* [Instructions for the task]:
All that is wanted is the span of lines from the one with "Рисунок 2 - Документооборот" to the last line of the data, copied exactly.
[Data block — start]
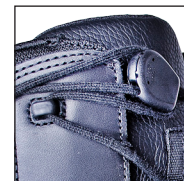
HAIX® Smart Lacing
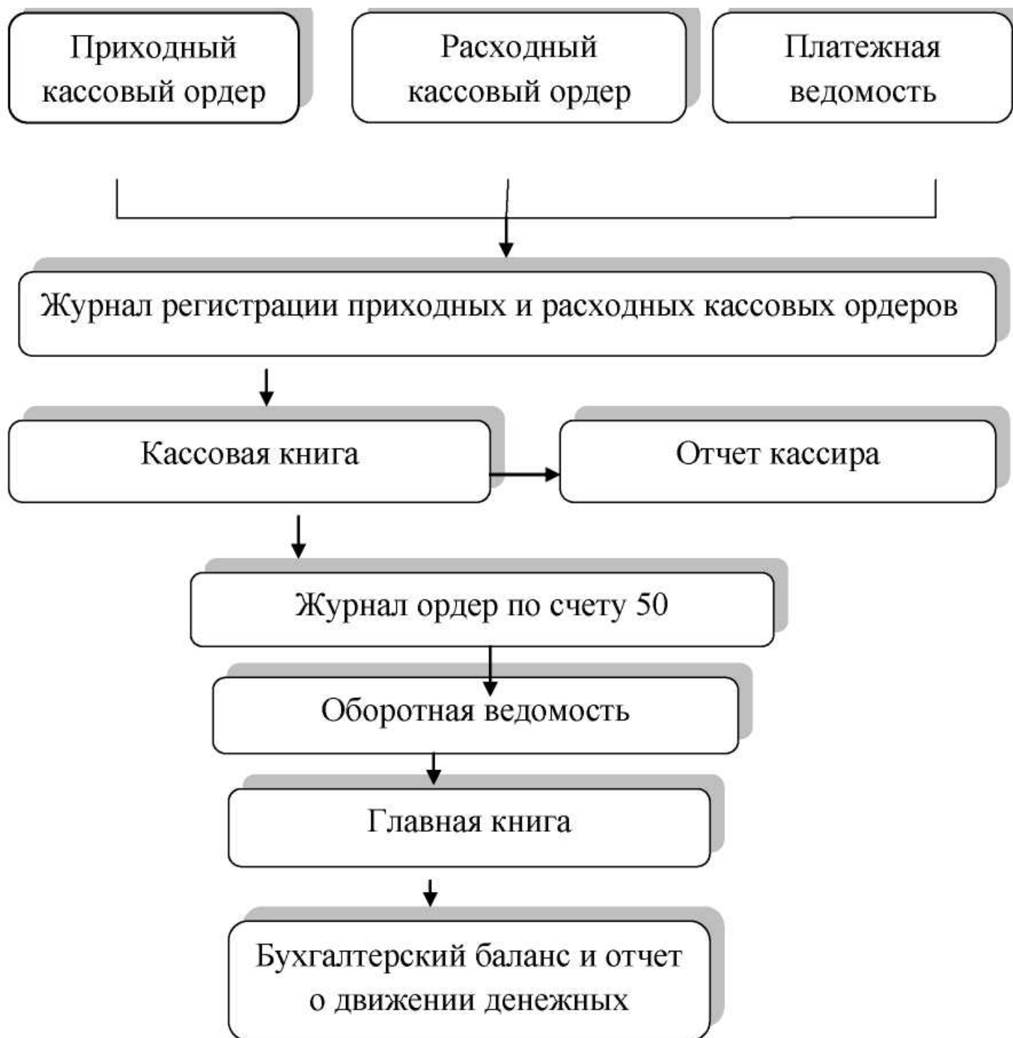
Рисунок 2 - Документооборот по учету кассовых операций[10]

В бухгалтерском учете операции по поступлению денежных средств в кассу организации отражаются бухгалтерскими записями с использованием специализированных счетов бухгалтерского учета.
[Data block — finish]
* [Expected answer]:
Рисунок 2 - Документооборот по учету кассовых операций[10]

В бухгалтерском учете операции по поступлению денежных средств в кассу организации отражаются бухгалтерскими записями с использованием специализированных счетов бухгалтерского учета.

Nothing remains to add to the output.